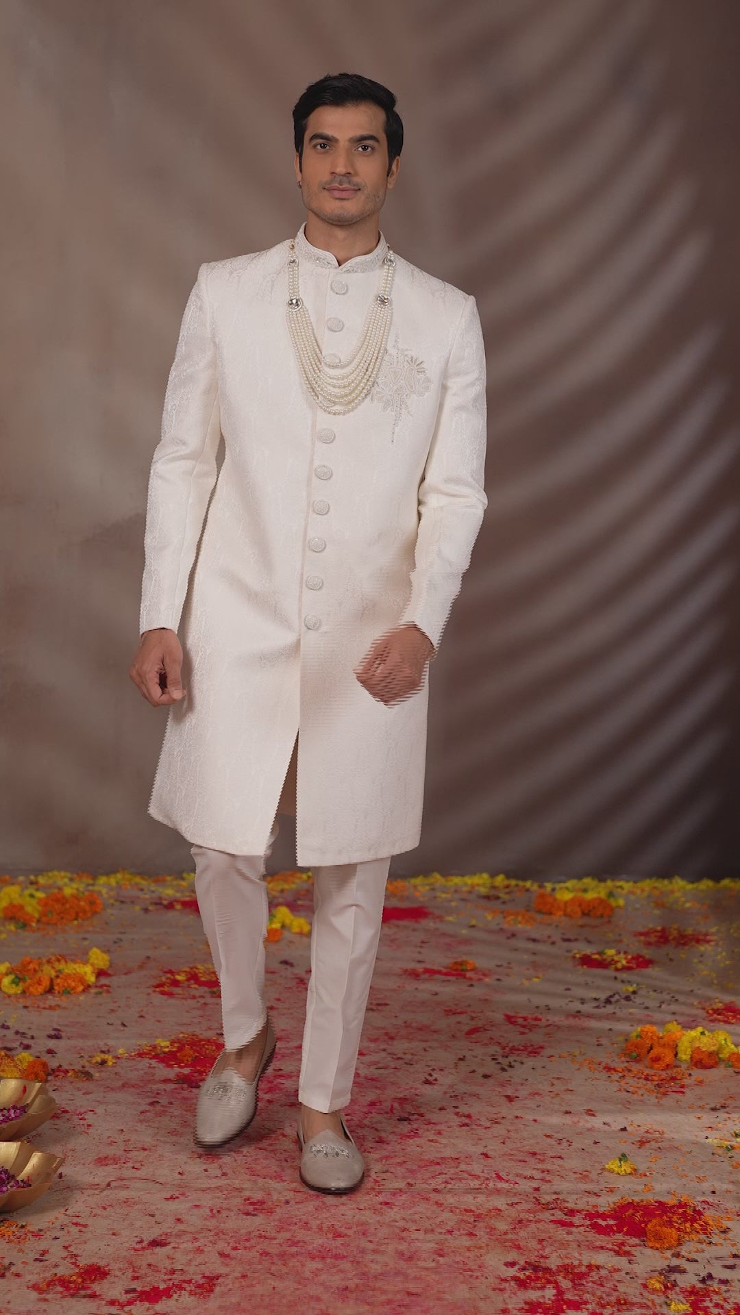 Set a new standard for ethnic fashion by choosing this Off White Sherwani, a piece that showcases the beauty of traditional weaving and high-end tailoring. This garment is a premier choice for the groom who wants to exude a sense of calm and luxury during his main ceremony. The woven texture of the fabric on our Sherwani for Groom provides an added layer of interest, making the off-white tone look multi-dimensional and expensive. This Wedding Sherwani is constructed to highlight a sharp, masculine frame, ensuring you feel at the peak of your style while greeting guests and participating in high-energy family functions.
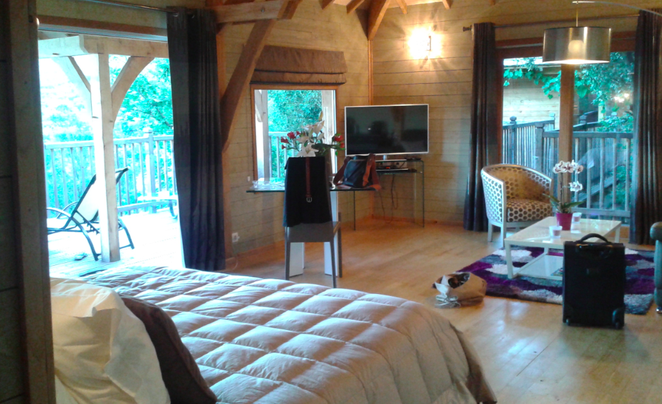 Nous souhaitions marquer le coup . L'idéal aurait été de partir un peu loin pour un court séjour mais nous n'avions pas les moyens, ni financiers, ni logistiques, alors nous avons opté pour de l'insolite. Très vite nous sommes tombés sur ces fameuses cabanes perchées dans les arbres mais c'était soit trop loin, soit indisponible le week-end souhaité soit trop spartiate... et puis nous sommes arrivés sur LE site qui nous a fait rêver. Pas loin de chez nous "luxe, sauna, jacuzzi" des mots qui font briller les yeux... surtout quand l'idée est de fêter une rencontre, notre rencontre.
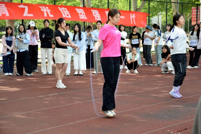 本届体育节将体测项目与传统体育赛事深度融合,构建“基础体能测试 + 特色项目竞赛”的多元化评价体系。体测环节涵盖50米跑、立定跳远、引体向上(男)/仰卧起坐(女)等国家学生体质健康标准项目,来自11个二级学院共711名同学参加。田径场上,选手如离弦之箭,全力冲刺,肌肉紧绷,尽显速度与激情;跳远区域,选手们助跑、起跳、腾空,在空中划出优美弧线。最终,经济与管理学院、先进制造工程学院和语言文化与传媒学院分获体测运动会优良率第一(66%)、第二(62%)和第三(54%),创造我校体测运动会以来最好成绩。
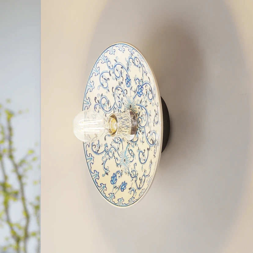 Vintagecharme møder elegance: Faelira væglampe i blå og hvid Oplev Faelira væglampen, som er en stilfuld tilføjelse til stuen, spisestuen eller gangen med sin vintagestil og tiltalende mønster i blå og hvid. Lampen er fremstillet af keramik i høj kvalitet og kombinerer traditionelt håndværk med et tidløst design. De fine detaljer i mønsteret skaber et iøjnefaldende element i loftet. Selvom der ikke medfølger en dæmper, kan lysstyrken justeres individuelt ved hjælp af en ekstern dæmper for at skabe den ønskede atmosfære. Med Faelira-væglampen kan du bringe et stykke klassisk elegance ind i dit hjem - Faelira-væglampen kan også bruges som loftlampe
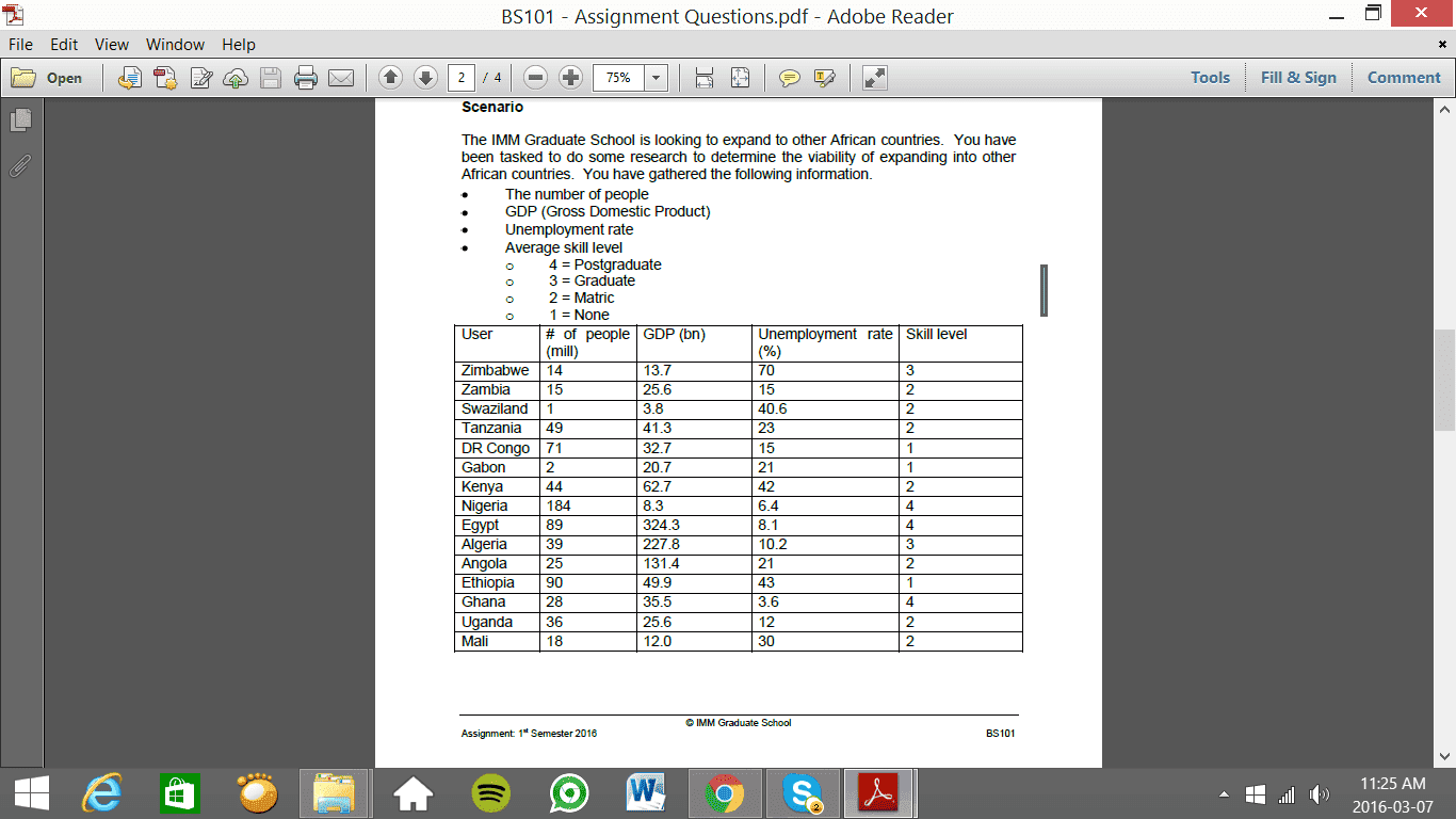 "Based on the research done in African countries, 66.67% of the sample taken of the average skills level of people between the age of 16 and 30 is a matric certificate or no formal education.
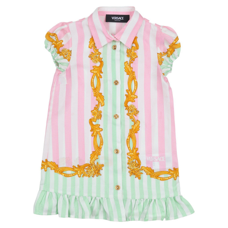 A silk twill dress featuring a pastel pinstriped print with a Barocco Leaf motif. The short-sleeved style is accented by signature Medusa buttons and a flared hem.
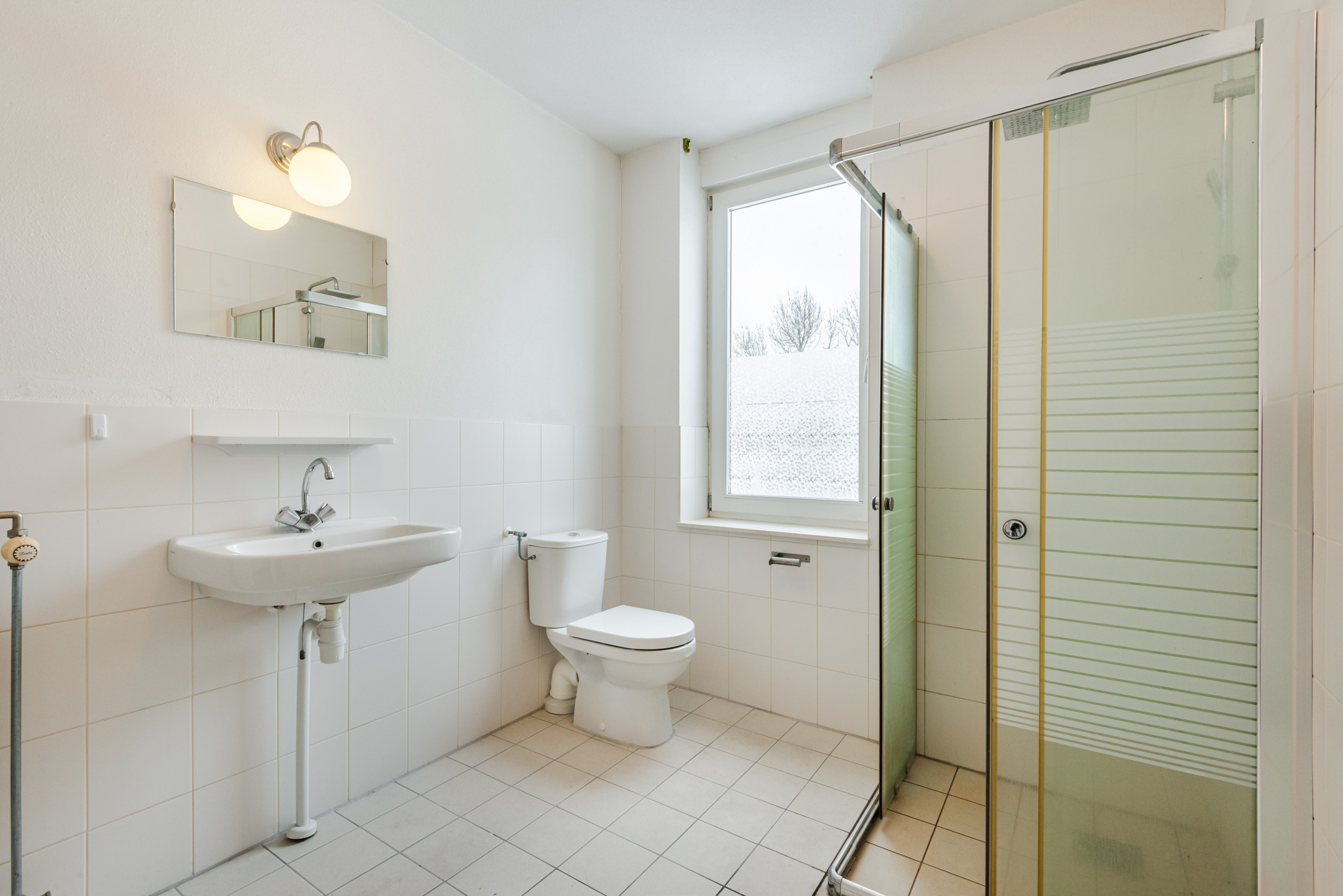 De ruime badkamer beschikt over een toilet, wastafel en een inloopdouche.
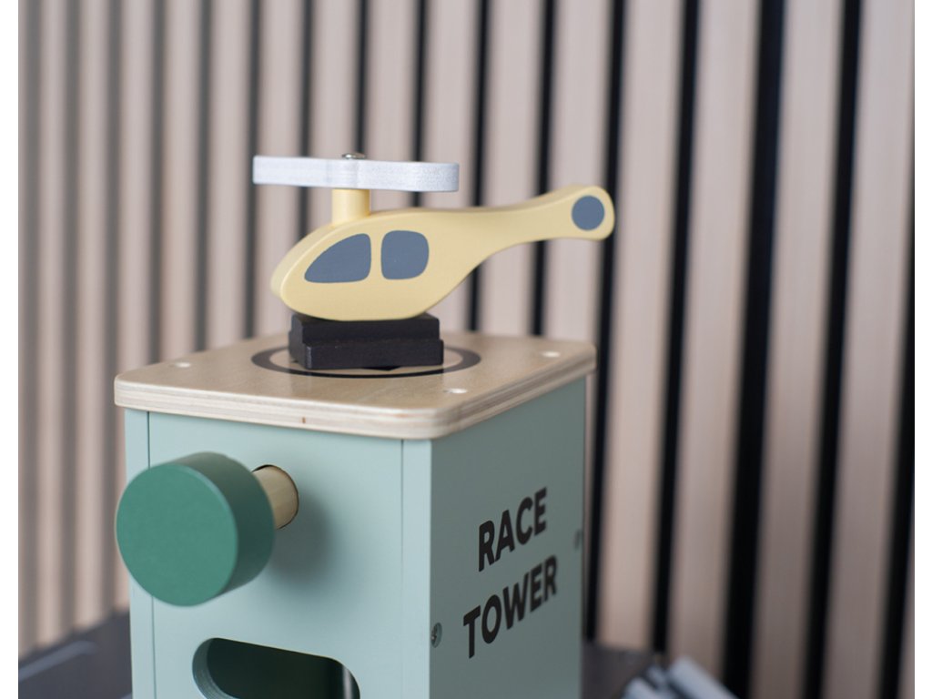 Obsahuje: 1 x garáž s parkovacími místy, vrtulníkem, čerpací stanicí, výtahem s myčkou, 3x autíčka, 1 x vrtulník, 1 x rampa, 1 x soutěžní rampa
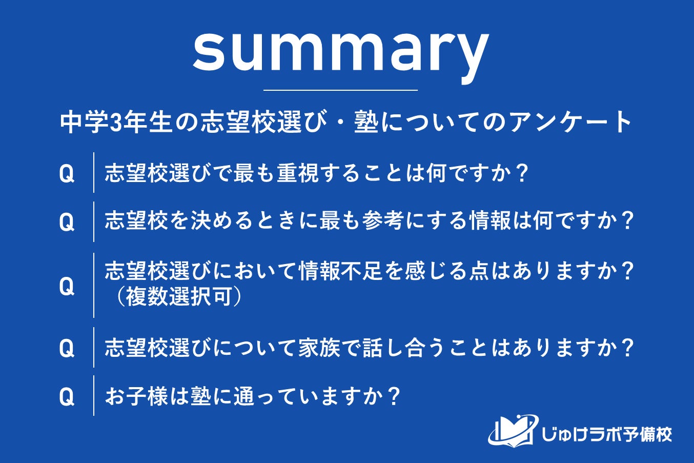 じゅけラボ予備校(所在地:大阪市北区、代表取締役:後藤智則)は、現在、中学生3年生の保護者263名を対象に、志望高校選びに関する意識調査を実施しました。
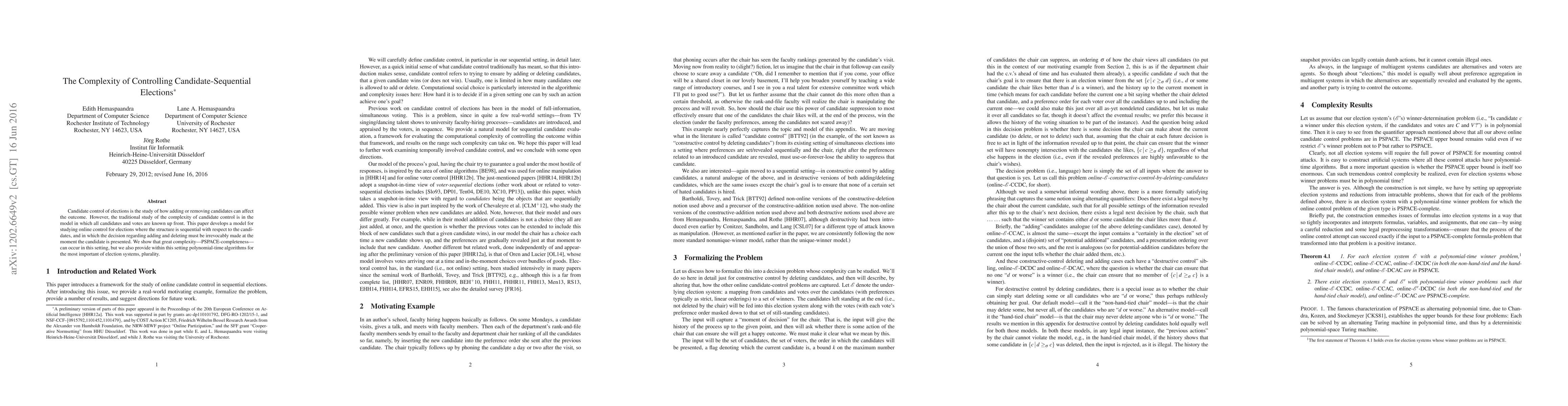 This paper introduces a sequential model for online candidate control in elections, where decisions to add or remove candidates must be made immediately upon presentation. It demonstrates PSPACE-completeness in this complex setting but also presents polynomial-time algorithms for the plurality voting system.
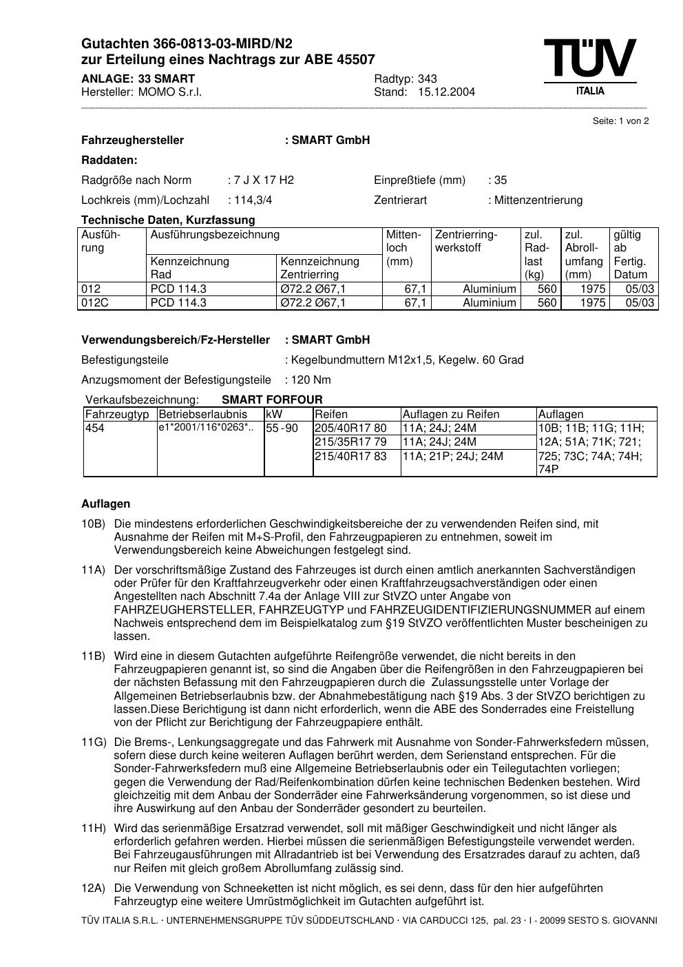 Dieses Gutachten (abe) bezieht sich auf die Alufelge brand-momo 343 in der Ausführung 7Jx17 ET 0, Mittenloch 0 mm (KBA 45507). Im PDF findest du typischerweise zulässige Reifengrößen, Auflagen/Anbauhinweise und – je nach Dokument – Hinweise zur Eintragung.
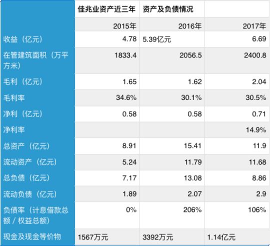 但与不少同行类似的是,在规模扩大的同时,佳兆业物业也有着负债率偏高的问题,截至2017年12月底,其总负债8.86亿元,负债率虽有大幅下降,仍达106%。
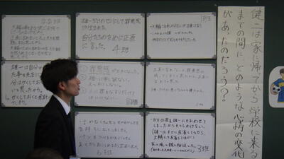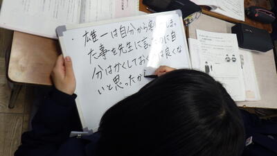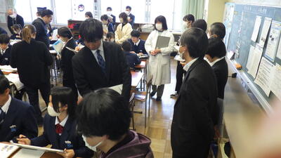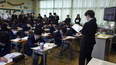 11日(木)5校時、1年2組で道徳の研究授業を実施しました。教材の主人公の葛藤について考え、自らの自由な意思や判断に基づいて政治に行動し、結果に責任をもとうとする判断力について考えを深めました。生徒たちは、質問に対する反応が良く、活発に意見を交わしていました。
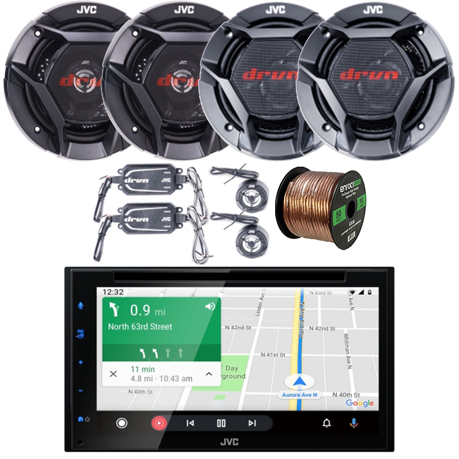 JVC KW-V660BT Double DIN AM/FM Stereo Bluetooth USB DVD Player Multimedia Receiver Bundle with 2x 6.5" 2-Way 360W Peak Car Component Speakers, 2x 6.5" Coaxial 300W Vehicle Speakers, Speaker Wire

..........

> What the task asks
Repeat exactly the lines above, beginning at the one containing "但与不少同行类似的是,在规模" and ending at the one containing "11日(木)5校時、1年2組". Do not carry over any pictures.

> Output below
 但与不少同行类似的是,在规模扩大的同时,佳兆业物业也有着负债率偏高的问题,截至2017年12月底,其总负债8.86亿元,负债率虽有大幅下降,仍达106%。
 11日(木)5校時、1年2組で道徳の研究授業を実施しました。教材の主人公の葛藤について考え、自らの自由な意思や判断に基づいて政治に行動し、結果に責任をもとうとする判断力について考えを深めました。生徒たちは、質問に対する反応が良く、活発に意見を交わしていました。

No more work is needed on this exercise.